With U.S. stocks posting their worst monthly decline since May 2012, many everyday investors are asking: What’s going on? Why the turmoil?

once again, we are faced with the threat that chaos overseas will jeopardize the Federal Reserve’s aggressive money-printing policies and, in turn, cause the world’s financial markets to unwind.

First, it was the PIIGS — Portugal, Italy, Ireland, Greece and Spain. Now, it’s the Fragile Five — Brazil, India, Indonesia, Turkey and South Africa. And, next, it could be the Exposed Eight — the Fragile Five plus Hungary, Poland and Chile — that finally bursts Ben Bernanke’s bubble.

Recall that in 2012, the PIIGS were blamed for the euro-zone crisis that almost derailed the global financial recovery as economies climbed out from under the great collapse of 2007.
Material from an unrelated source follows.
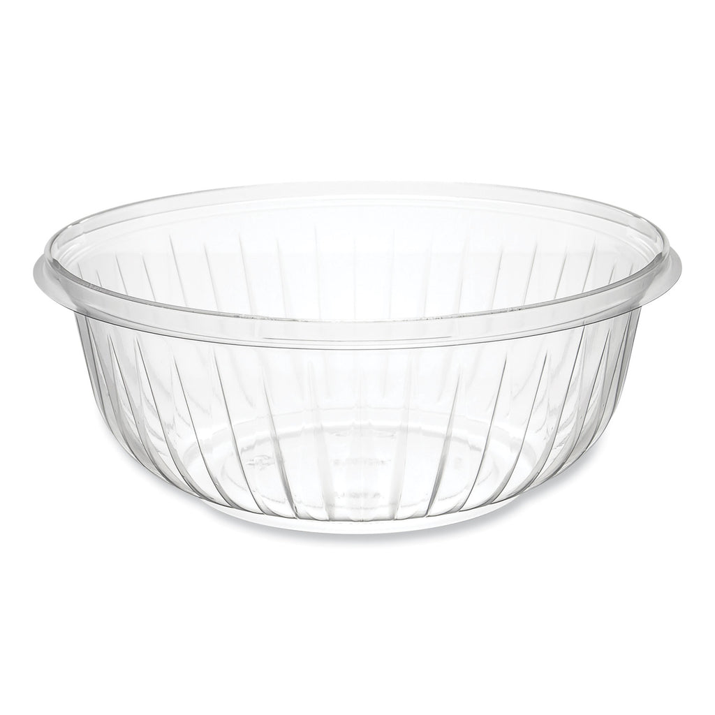 Clear bowls allow you to easily identify the product within. Elegant design on the bowls creates an upscale image. These bowls are also stackable, saving storage space. They're versatile, good for holding many different kinds of items including bakery and deli goods and produce.

Had it not been for some quick, easy-money sleight of hand by the European Central Bank, led by Mario Draghi, it’s almost certain that the world economy would have ended up crashing onto the rocks because of the PIIGS financial indiscretions.

This time around it’s the Fragile Five and, possibly, the Exposed Eight that could prove to be our undoing. That’s because emerging markets are facing an unholy trinity: a slowdown in China, tapering by the Fed and political instability as well as social unrest in developing countries. And it’s the Fragile Five and the Exposed Eight that are causing the most concern — and they should be especially worrisome to you, too.

What’s going wrong in these countries?

First, economic growth has slowed. As a group, developing countries grew on average about 6.5 percent over the past decade. In 2013, their economic growth rate was about 4.5 percent, with economic activity forecast to rise very little, if at all, in 2014. What’s more, China recently reported its first decline.

Second, political upheaval is another thing they have in common. All face political elections during 2014, which means much-needed economic reforms are even less likely. The Fragile Five have seen their currencies fall 15 to 20 percent over the past year, exposing such disturbing issues as corruption, lack of corporate governance and lending practices that favored the political and economic elite.

Third, cheap money is drying up. Last week, the Fed reaffirmed that it would continue pulling back on its bond-buying program in the amount of $10 billion. That means the U.S. central bank will pump $65 billion a month in the U.S. economy, $20 billion less than in December. The Fed’s actions, combined with reported instability in China’s shadow-banking system, could set off a ripple effect of tight credit throughout the emerging world, which is still reliant on foreign sources of capital.

Considering all of those factors, it’s the threat to global economic growth that Wall Street is most concerned about. With emerging markets now under pressure, Wall Street is growing increasingly concerned that economic expansion in the developing world may fall well short of expectations.